*Activity*
Write out the line with "Удобные, стильные наручные" and every later line through the end of the data below, exactly as given, with no pictures in the copy.

Records from a data collection
────────────────────

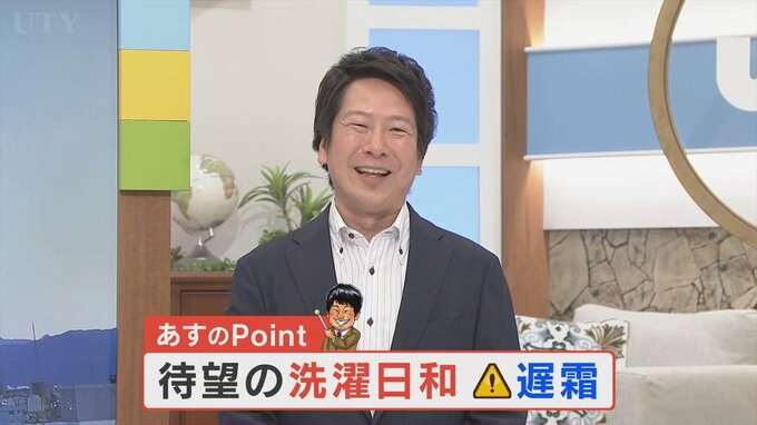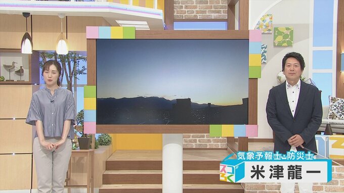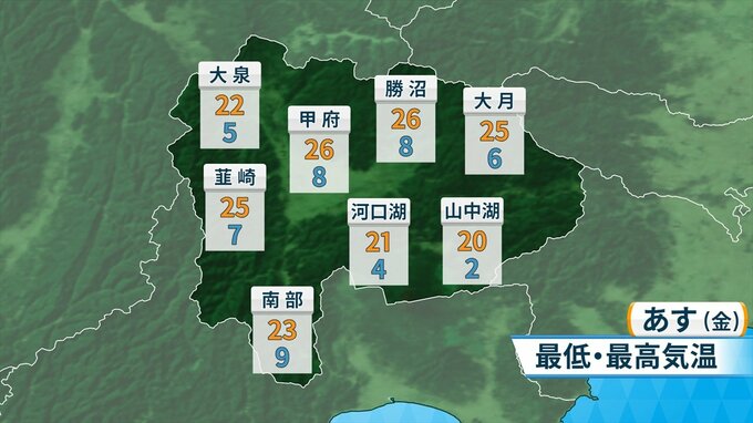 山中湖村では最低気温が2℃、河口湖も4℃ということで、甲府はけさよりもさらに低い8℃までしか上がりません。ですから、この気温で大体4月の中旬並みということで、昭和町、中央市を除きまして、霜注意報が県内全域に発表されていますので、農家の皆さん遅霜にはくれぐれも要注意です。そこから今度は日差しの力と暖かい空気の影響で気温が上がりましてきょうと比べて5℃ほど高くなるんです。ですから、気温差が20℃近くありますので、寒暖差で体調を崩されないようお気をつけください。
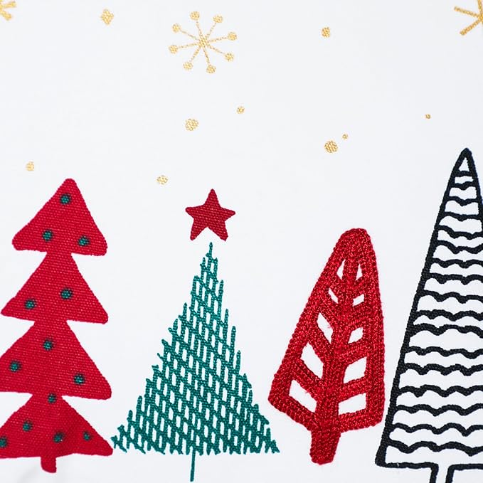 This festive pillow features a charming design of Christmas trees and snowflakes embroidered on a beige background. The trees are adorned with stars, stripes, and other decorative elements, adding a touch of whimsy to the design. The pillow is made from high-quality materials and is machine washable for easy care.
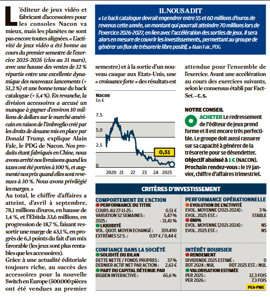 NACON (ISIN FR0013482791) annonce ce jour ses résultats semestriels consolidés (période du 1er avril 2025 au 30 septembre 2025) pour l’exercice 2025-2026, examinés par le Conseil d’Administration en date du 24 novembre 2025. Les procédures d’examen limité par les commissaires aux comptes sont en cours, le rapport d’examen limité des Commissaires aux Comptes sera émis lors de la publication du rapport financier semestriel.
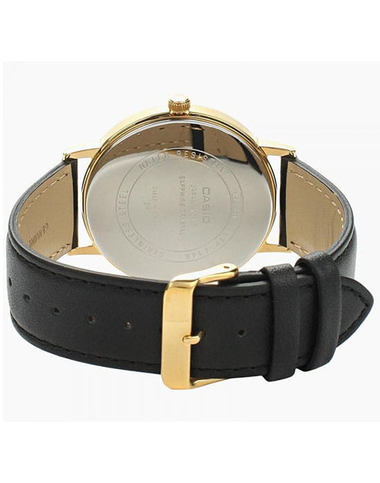 Удобные, стильные наручные часы от Casio являются воплощением практичности и элегантного дизайна. Круглый, золотой корпус выполнен из нержавеющей стали. Стильный черный ремень сделан из натуральной кожи. Сохранность часов обеспечивается прочным сапфировым стеклом. Временные отметки представлены в виде золотистых штрихов. Миниатюрная секундная стрелка вынесена на отдельный циферблат. Тип механизма - кварцевый. Вес аксессуара равен 40 граммам.
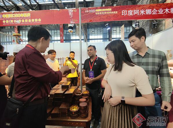參加交流會的印度阿米娜企業是一家木制家具商,現場展示的帶有貝母鑲嵌的桌椅十分精致。印度展商阿里說:“我們從越南進口紅木,在印度生產加工完帶到中國市場進行銷售。”河口不僅是云南對外開放的重要窗口,也為各國企業提供了市場與合作機遇。
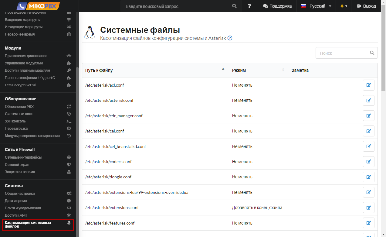 1. Перейдите в раздел  «**Система**» -> «**Кастомизация системных файлов**»
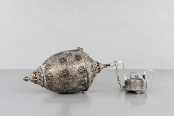 Taklampa i härlig stil i vacker antkguldbrun färg. Vacker orientalisk stil. Genomskinlig sladd som avslutas med en vanlig väggkontakt.
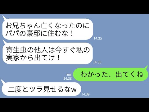 【LINE】私がお情けで6LDKの豪邸に義両親を住ませていると知らずに殴って追い出した義妹「寄生虫は出ていけ!」→お望み通りに無職の義両親を置いて出ていった結果www

────────────────────

*Task response*
 Удобные, стильные наручные часы от Casio являются воплощением практичности и элегантного дизайна. Круглый, золотой корпус выполнен из нержавеющей стали. Стильный черный ремень сделан из натуральной кожи. Сохранность часов обеспечивается прочным сапфировым стеклом. Временные отметки представлены в виде золотистых штрихов. Миниатюрная секундная стрелка вынесена на отдельный циферблат. Тип механизма - кварцевый. Вес аксессуара равен 40 граммам.
參加交流會的印度阿米娜企業是一家木制家具商,現場展示的帶有貝母鑲嵌的桌椅十分精致。印度展商阿里說:“我們從越南進口紅木,在印度生產加工完帶到中國市場進行銷售。”河口不僅是云南對外開放的重要窗口,也為各國企業提供了市場與合作機遇。
 1. Перейдите в раздел  «**Система**» -> «**Кастомизация системных файлов**»
 Taklampa i härlig stil i vacker antkguldbrun färg. Vacker orientalisk stil. Genomskinlig sladd som avslutas med en vanlig väggkontakt.
 【LINE】私がお情けで6LDKの豪邸に義両親を住ませていると知らずに殴って追い出した義妹「寄生虫は出ていけ!」→お望み通りに無職の義両親を置いて出ていった結果www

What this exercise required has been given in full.